Plain Text Encoding
- TEX fraction numerator is what follows a { up to keyword \over
- Denominator is what follows the \over up to the matching }
- { } are not printed
- Simple rules give unambiguous "plain text", but results don't look like math
- How to make a plain text that looks like math?
|
| A TeX fraction numerator consists of the expression that follows a { up to the keyword \over and the denominator consists of what follows the \over up to the matching }. In both the fraction and subscript/superscript cases, the { } are not printed. These simple rules immediately give a "plain text" that is unambiguous, but looks quite different from the corresponding mathematical notation, thereby making it hard to read. It's more appropriate to refer to TeX as a markup language, rather than plain text. |
Simple plain text encoding
- Simple operand is a span of alphanumeric characters. E.g., simple numerator o denominator is terminated by any operator.
- Operators include arithmetic operators, most whitespace characters, all U+22xx, an argument "break" operator (displayed as small raised dot), sub/superscript operators.

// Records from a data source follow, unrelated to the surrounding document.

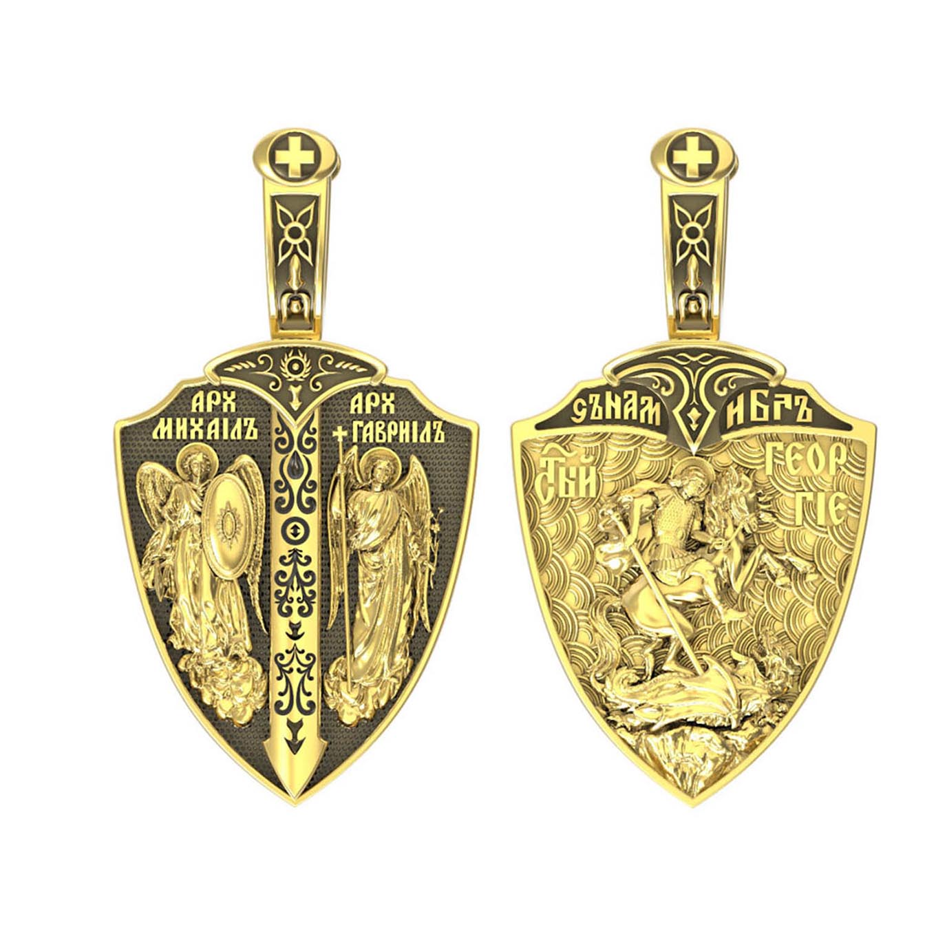 Основой композиции оборотной стороны является изображение Святого Георгия Победоносца. Святой Георгий один из наиболее почитаемых святых в Христианской Церкви. На Руси он известен как Юрий или Егорий, покровитель воинов. На образке изображено самое знаменитое чудо святого: спасение принцессы от змея, которому она предназначалась в жертву. Чудо это имеет символическое толкование. Принцесса означает душу человеческую, а змей — дьявола, желающего ее поглотить. Святой Георгий, небесный защитник, спускается с Небес, чтобы помочь душе избавиться от гибели. Образ святого воина венчают слова: «С нами Бог!». Они написаны у рукоятки меча, узорчатый клинок которого разделяет образок на две части. Сам образок имеет форму щита. Щит и меч — это символы духовной брани с дьяволом.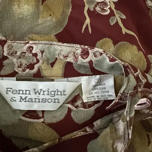 Fenn Wright Manson‎ Silk Blouse Size 2 High Button Neck Fall Colors Floral - $32 - From Ls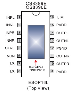 CS8389E/CS8390E提供了纖小的的ESOP16L封裝形式供客戶選擇,其額定的工作溫度范圍為-40℃至85℃。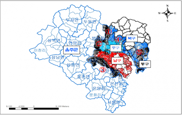 울산시는 이중 경계 지역에 대해 구·군간 지적도를 중첩시켜 경계의 접합 정도를 확인 후 항공·위성사진 등을 토대로 가장 합리적인 경계를 도출했고 이를 구·군간 협의를 거쳐 지적공부 상의 행정구역 경계를 정비했다.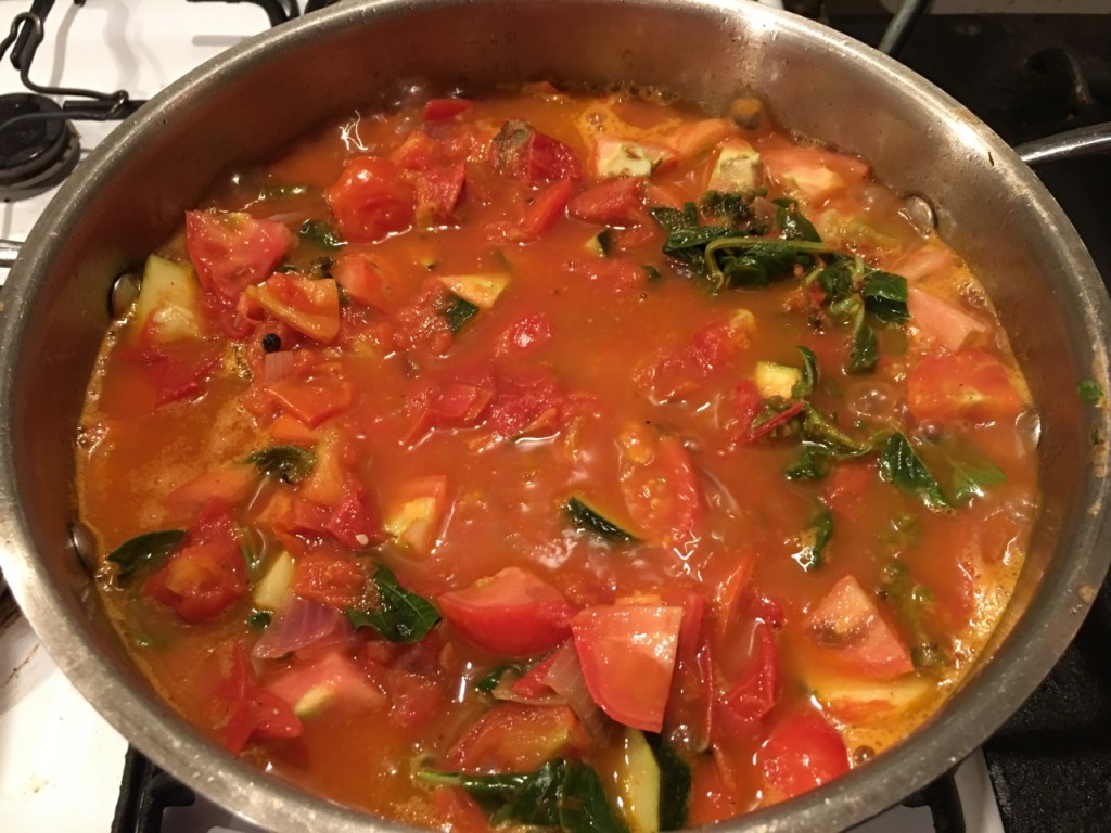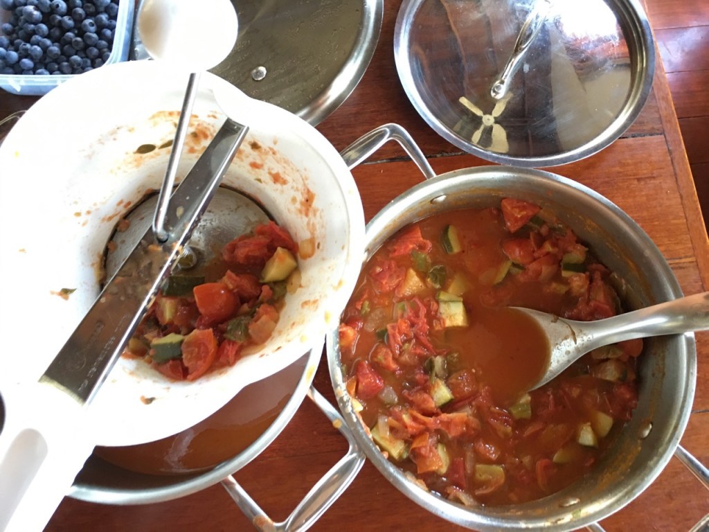 I simmer this for 20 mins or so until it all softens and then lid on and put it aside while we cook dinner, and leave it to cool overnight. The next day, before dinner. I pass the whole lot through a mouli sieve and then re-heat it to reduce the sauce to concentrate it down to half its volume.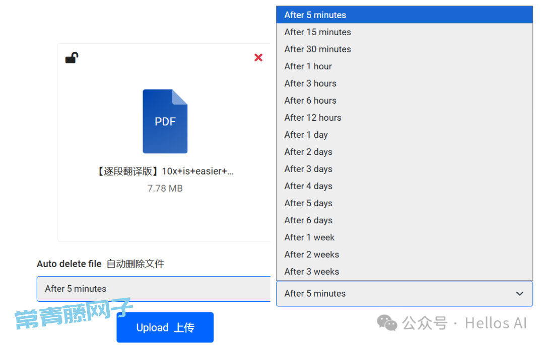 接着设置我们上传的文件自动删除的时间,点击“Auto delete file”下面的下拉框选择文件自动删除的时间,默认是5分钟后删除。这个根据自身需求设置。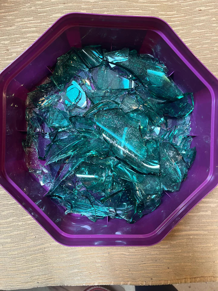 These studs are special, instead of our usual Murano glass base, these used to be a Scottish Whisky Bottle! We break up the bottle and melt the glass down bit by bit adding the hypoallergenic steel backs in the flame as usual. These have a slick of Palladium leaf melted onto them.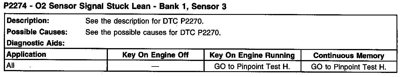 P2274 - O2 Sensor Signal Stuck Lean - Bank 1, Sensor 3: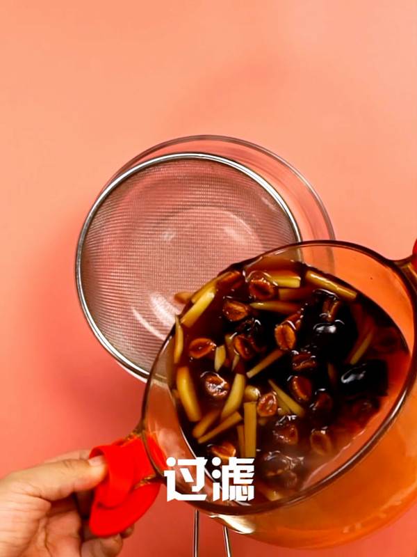 4、锅中加水、糖、罗汉果、姜、梨,小火煮30分钟后过滤。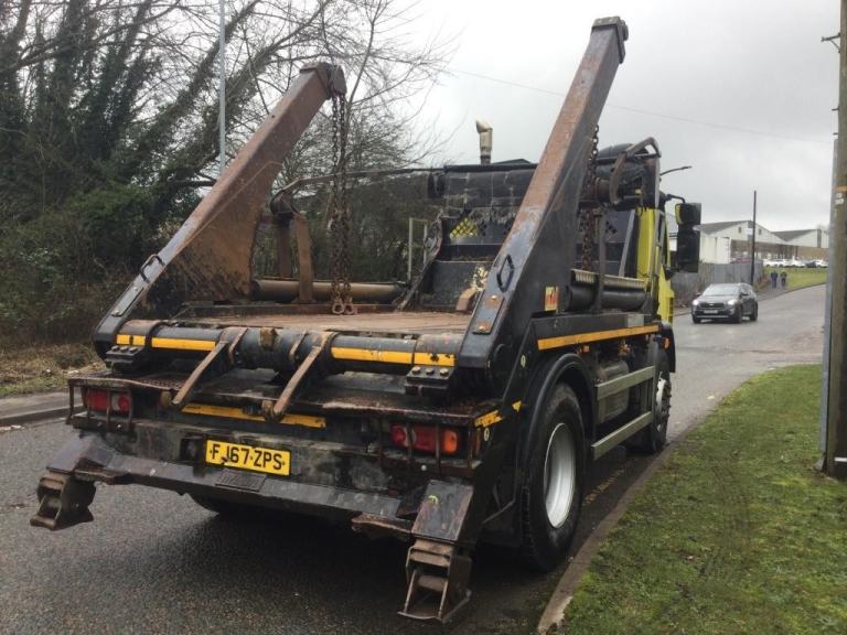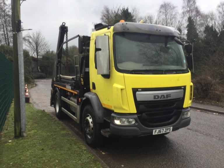 REF TG 3828 REG FJ67ZPS DAF LF 230 EURO 6 300.000 KMS WARRANTED MANUAL 6 SPEED GEARBOX 18 TONNE GROSS AIR CON SUN VISOR SPRING SUSPENSION FITTED WITH HYVA TELESCOPIC ARM SKIP EQUIPMENT EASY SHEET COMES WITH 12 MONTHS MOT VERY GOOD CONDITION ONE COMPANY OWNER NO VAT IF GOING FOR EXPORT REF TG 3828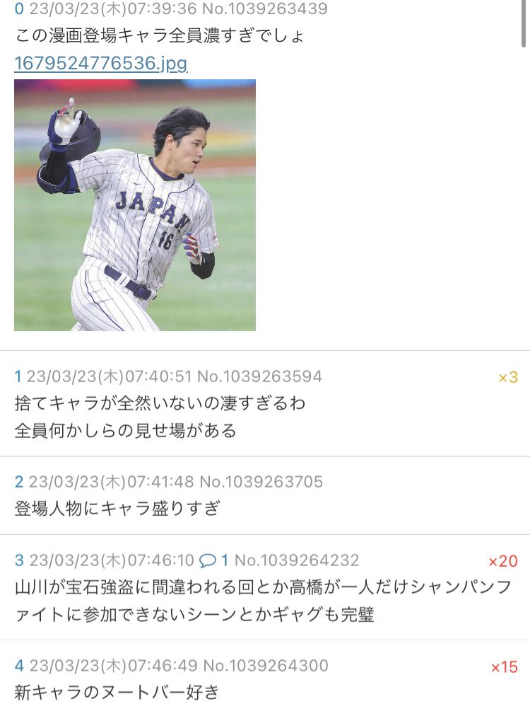 | … | 3926/03/16(月)11:11:58No.1411248912+【悲報】シャンクスレ、WBC日本敗北で1000完走した反動で壊滅… |

- Fraction operator is given by the Unicode fraction slash operator U+2044
|
| It's possible to define a "plain text" encoding that looks much more like mathematics. Strictly speaking, some constructs require some simplified mark up, but many expressions are literally plain (Unicode) text. The notation is handy as a math input language for more elaborate markup languages like TeX and MathML and can be used in its own right. |
| We define a simple operand to consist of all consecutive alphanumeric characters. We call this sequence of one or more alphanumeric characters a span of alphanumerics. As such, a simple numerator or denominator is terminated by any operator, including, for example, arithmetic operators, the blank operator, all Unicode characters with codes U+22xx, and a special argument "break" operator consisting of a small raised dot. The fraction operator is given by the Unicode fraction slash operator U+2044. |
Unicode Plain Text
- Can do a lot with plain text, e.g., BiDi
- Grey zone: use of embedded codes
- Unicode ascribes semantics to characters, e.g., paragraph mark, right-to-left mark
- Lots of interesting punctuation characters in range U+2000 to U+204F
- Extensive character semantics/properties tables, including mathematical, numerical
|
| In Unicode, many characters have default semantics which help in displaying them in mathematical formulae. For example, the characters 0-9 are integers, by default. In principle, one could treat them as variables and a general math markup language needs to be able to declare them as such. But such a need is rare and it's only needed for algebraic (symbolic) usage, not for display. One unfortunate thing about MathML is that these default properties of mathematical characters are ignored. You still have to declare mathematical alphabetic characters as variables using an <mi> tag, a numerical digit as a digit using an <mn> tag, and an operator as an operator using an <mo> tag. In our plain-text encoding of Unicode, such tags aren't used. Accordingly cases that depend on overriding the default properties, e.g., using a digit as a variable in a symbolic manipulation program, cannot be handled easily. |
Multiple Character Encodings
- As with non-math characters, math symbols can often be encoded in multiple ways, composed and decomposed. E.g., ≠ can be U+003D, U+0338 or U+2260
- Recommendation: use the fully composed symbol, e.g., U+2260 for ≠
- For alphabetic characters, use combining-mark sequences to get consistent typography
- Some representations use markup for the alphabetic cases. This allows multi-character combining marks.
|
| There have been many discussions as to various normalization forms for Unicode characters and Unicode Technical Report 15 discusses the subject in detail. Math characters are no exception: there are multiple ways of expressing various math characters. It would be nice to have a single way to represent any given character, since this would simplify recognizing the character in searches and other manipulations. Accordingly it's worthwhile to give some guidelines. |
| The first idea is to use the shortest form of a math operator symbol wherever possible. So U+2260 should be used for the not equal sign instead of the combining sequence U+003D U+0338. |
| On the other hand, for alphabetic characters, combining mark sequences give the most consistent typography. Mathematics uses a multitude of combining marks that greatly exceeds the predefined composed characters in Unicode. It's better to have the math display facility handle all of these cases uniformly to give a consistent look between characters that happen to have a fully composed Unicode character and those that don't. |
| The combining character sequences also typically have semantics as a group, so it's handy to be able to manipulate and search for them individually without having to have special tables to decompose characters for this purpose. |
Using combining-mark sequences appears to conflict with Normalization Form C recommended for the web. But note that it works fine for the Plane-1 alphanumeric characters. If alphabetic composed characters are encountered in math expressions, they should be rendered as the corresponding combining-mark sequence. MathML uses markup for some alphabetic cases. This allows multi-character combining marks, such as a tilda over two or more characters.
|